How can SMEs improve their cybersecurity? "Smaller means more agile and simple – both enablers for better cybersecurity," says Iva Tasheva, the co-founder and cybersecurity lead of CyEn (+32 493 405 612, www.CyEn.eu), a family owned micro-consultancy in Brussels. "If SMEs are also cyber aware and commit to security, they will be better protected with limited investment. My advice to SMEs: use the well-oiled machine of information security standards (NIST, ISO27k) to improve your cybersecurity. Empower your employees to defend the organisation with a cybersecurity awareness and training programme."

We should not forget that cyber security is important not only for adults, but also for children. The new generation has been present in the digital world since the day of their birth, and this hides many risks. Children can become easy prey to sexual crime or bullying, or to fall under the bad influence of popular TikTokers or YouTubers.

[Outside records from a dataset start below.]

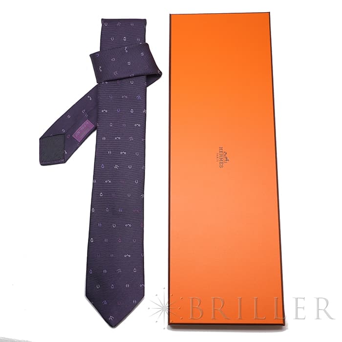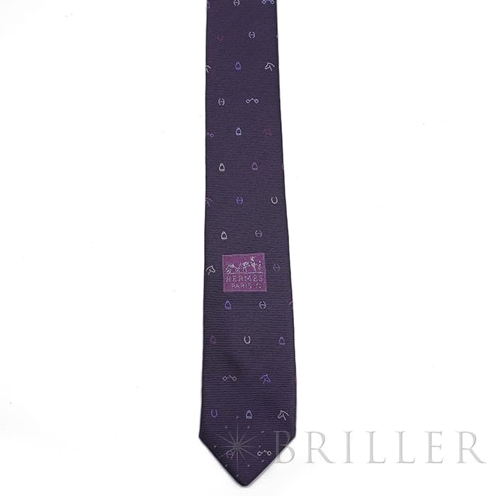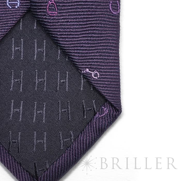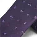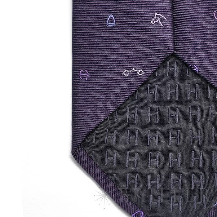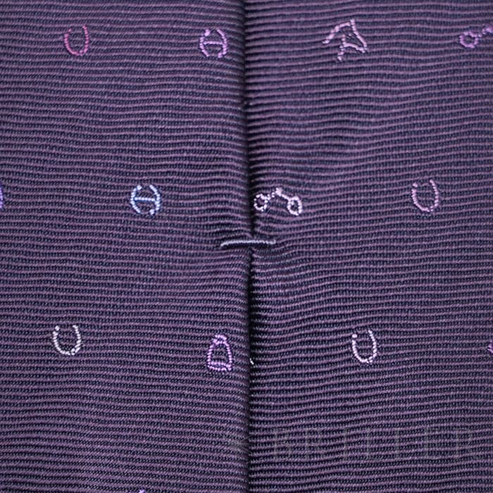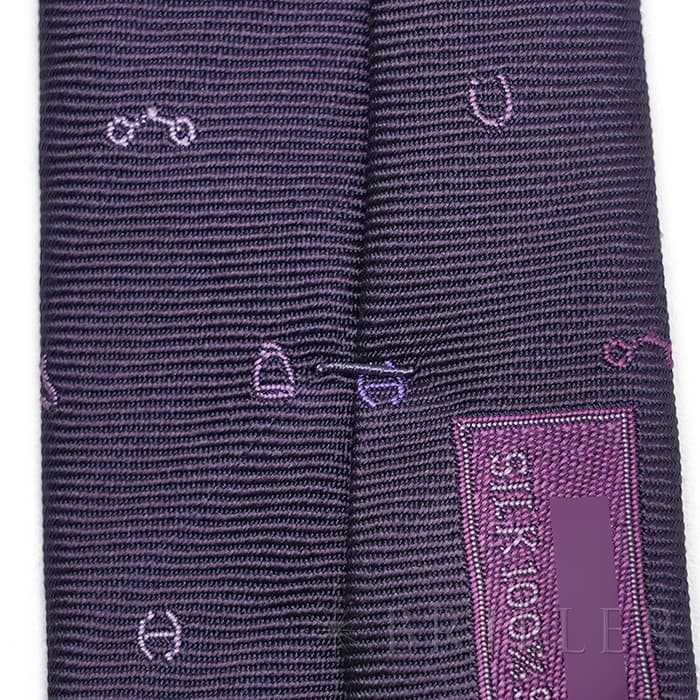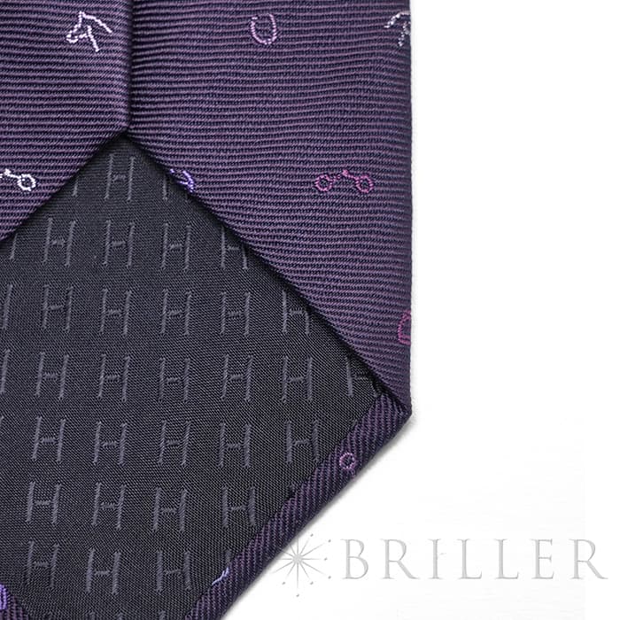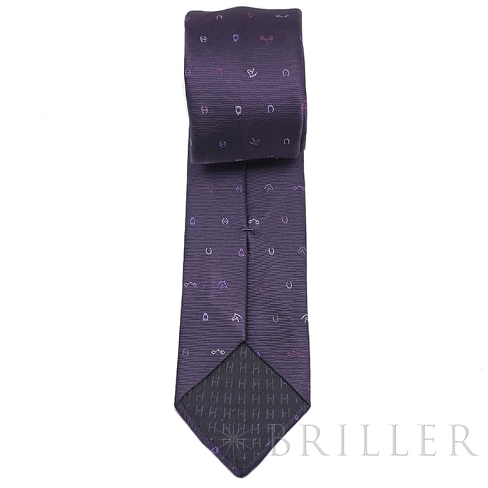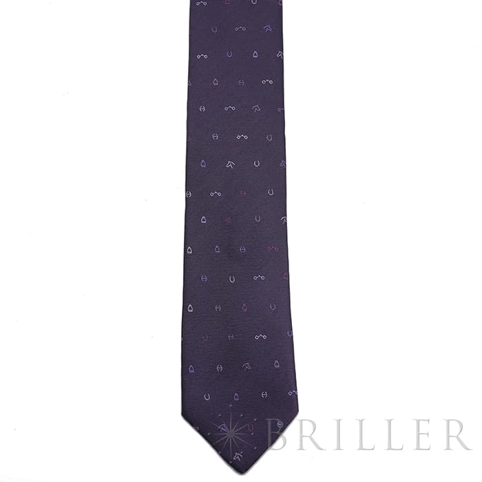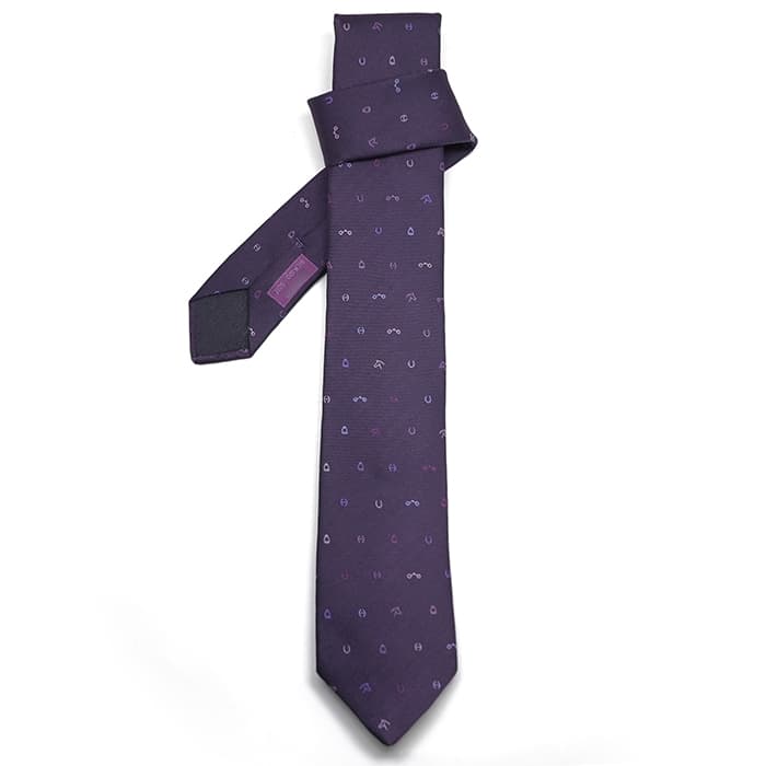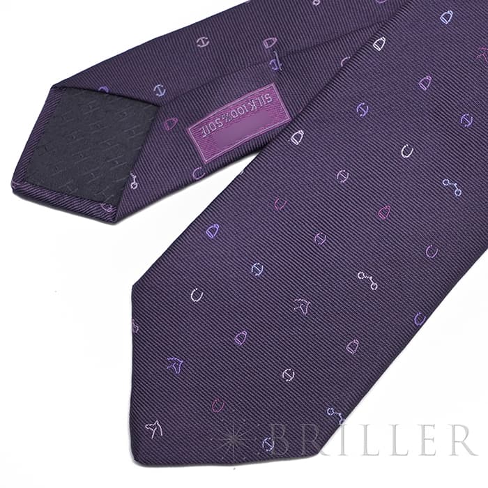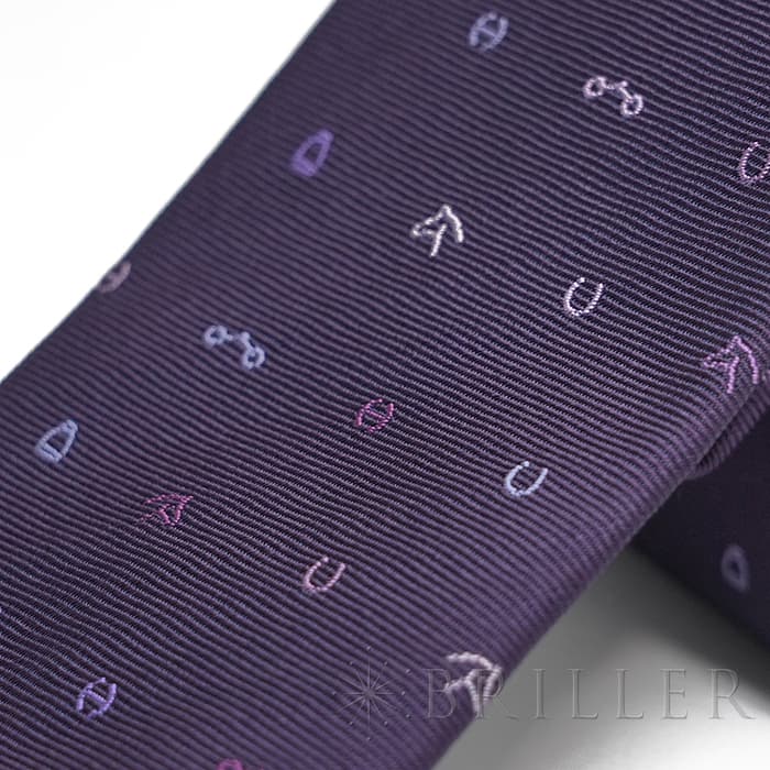 馬具一式が、刺しゅうでちりばめられたネクタイ。エレガントなパープルにシルク100%の質感がコーディネートにリュクスな雰囲気を醸し出しています。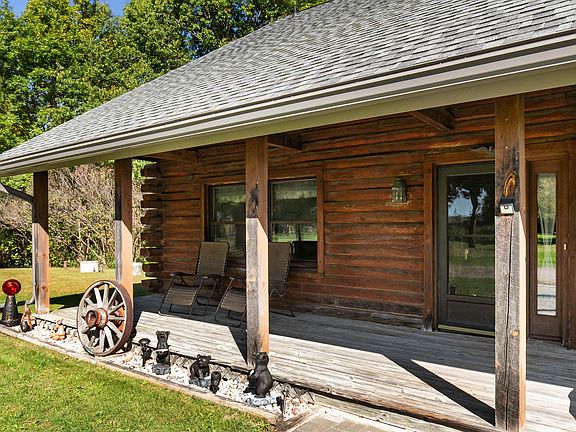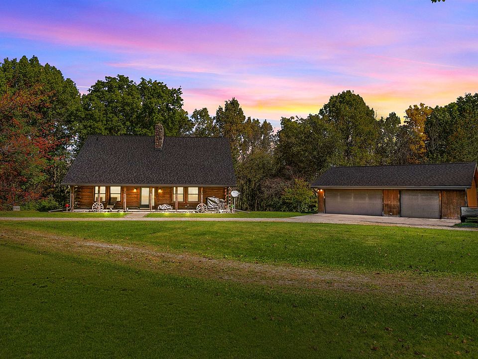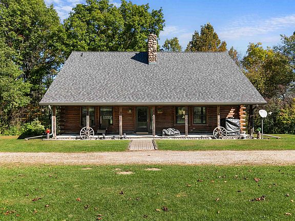 Experience the up-north feel with city convenience in this half-log home nestled on 3.2 scenic acres. Apple Creek winds through the property, adding to the serene natural setting. Step inside to an inviting entryway that opens to a stunning living room with a two-story fireplace and vaulted ceilings. The open-concept kitchen, dining, and living areas create an ideal space for entertaining. From the dining area, step out onto the deck and take in the peaceful views of the wooded acreage and Apple Creek.The main floor features two spacious bedrooms and a full bathroom. Upstairs, you’ll find a large loft area overlooking the living room and a primary suite. The unfinished walkout lower level is ready for your touches. The home is not located in a floodplain (FEMA cert). Being sold as is.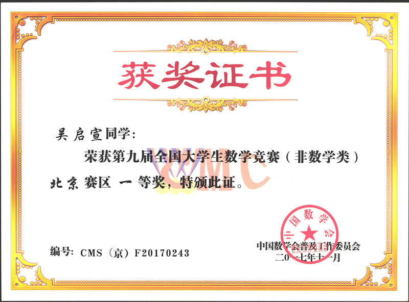 日前,2017年全国第九届大学生数学竞赛暨北京市第二十八届大学生数学竞赛获奖名单公布,我校有84名学生获奖,其中全国一等奖3项、二等奖3项、三等奖26项;北京市二等奖11项、三等奖41项,较去年获奖总数增加高达282%。据了解,我校有334名学生参赛,参赛人数为历年之最,赛前12位数学竞赛指导教师团队带领全体参赛队员进行了9项专题的集中培训。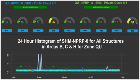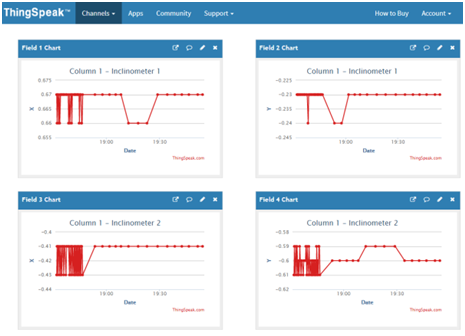 Package 3: Structural health monitoring has been used as a benchmark for testing ICM and ACM. Tests have produced very phenomenal results in and are shown in Figure 8 for ThingSpeak IoT platform. Sensors values from inclinometers using CAN-Open nodes have been shown as an operating example of ICM that is proprietary platform on public cloud. The system was at remote location in form of CAN-Open based tilt meters nodes connected to Raspberry Pi 3 and accessed through Wifi. The physical site chosen for this system was Qatar University Bridge as shown in Figure 9.The Wifi was linked to optical network terminal (ONT) and all nodes through ONTs forming an optical network. Optical network of ONTs was sending data to optical line terminals (OLTs). The WoT implementation can be seen in private cloud zero client screen in Figure 10. Multiple graphs, trend durations and dual cloud as shown in Figure 11, make it easier for implementation and customization for organizations and any client specific requirements (Figure 12).

"The most vulnerable are the children aged 8-16," says Yavor Kolev, Director IT and Cybersecurity at Lev Ins insurance company (phone: 0800 10 200, www.lev-ins.com). Together with the company, he is also engaged with the Protect the Child on the Internet social initiative (www.detetovinternet.bg). "But the starting age is constantly decreasing. Parents nowadays give their 3-year-old a phone connected to the Internet and feel calm as the kid has something to do while they run errands. But at this moment the kid can open YouTube and find improper content that could disturb or traumatise them. Or can find on TikTok some of the teens who, in their desire for more likes, do reckless antics, like climbing to dangerously high places. This can provoke copycat behaviour among users, leading to potential accidents. The Internet is limitless, there you can watch what someone in Korea, Italy or Russia does, and there is no guarantee that this someone is well-behaved or has some common sense. This is why we have to control our children and teach them safe behaviour on the Internet from an early age."

From children to adults, from small organisations to corporations, all of us can be safer and more protected in the digital jungle when professionals are by our side.